Each item in the items array is a hashref with the following keys:

  • title

  • link

  • content (may be filled with content:encoded, xhtml:body or description fields)

  • id (will be equal to guid or link if it is undefined and either of those fields exists)

  • description (optional) - usually a shorter form of the content (may be filled with summary if description is missing)

  • published - time in epoch seconds (may be filled with pubDate, dc:date, created, issued, updated or modified)

  • author (may be filled from author or dc:creator)

  • tags (optional) - array ref of tags, categories or dc:subjects.

  • _raw - XML serialized text of the item's Mojo::DOM node. Note that this can be different from the original XML text in the feed.

parse_opml

  my @subscriptions = app->parse_opml( 'mysubs.opml' );
  foreach my $sub (@subscriptions) {
    say 'RSS URL is: ',     $sub->{xmlUrl};
    say 'Website URL is: ', $sub->{htmlUrl};
    say 'categories: ', join ',', @{$sub->{categories}};
  }

Parse an OPML subscriptions file and return the list of feeds as an array of hashrefs.
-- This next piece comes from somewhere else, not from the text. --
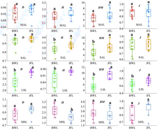 Differences in species diversity indices among different regions within the same forest layer. Note: BWL stands for Bawangling; JFL stands for Jianfengling; MAL represents the middle arbor layer; SAL represents the small arbor layer; LSL represents the large shrub layer; MSL represents the middle shrub layer; D denotes the Simpson diversity index; H denotes the Shannon–Wiener diversity index; DM denotes the Margalef richness index; J denotes the Pielou evenness index.

Each hashref will contain an array ref in the key 'categories' listing the folders (parent nodes) in the OPML tree the subscription item appears in.

STAND-ALONE USE

Mojolicious::Plugin::FeedReader can also be used directly, rather than as a plugin:

  use Mojolicious::Plugin::FeedReader;
  my $fr = Mojolicious::Plugin::FeedReader->new( ua => Mojo::UserAgent->new );
  my ($feed) = $fr->find_feeds($url);
  ...

However, it is recommended you use Mojo::Feed::Reader directly instead.

CREDITS

Dotan Dimet

Mario Domgoergen

Some tests adapted from Feed::Find and XML:Feed, Feed autodiscovery adapted from Feed::Find.

COPYRIGHT AND LICENSE

This software is Copyright (c) 2014-2019 by Dotan Dimet <dotan@corky.net>.

This program is free software, you can redistribute it and/or modify it under the terms of the Artistic License version 2.0.

Test data (web pages, feeds and excerpts) included in this package is intended for testing purposes only, and is not meant in any way to infringe on the rights of the respective authors.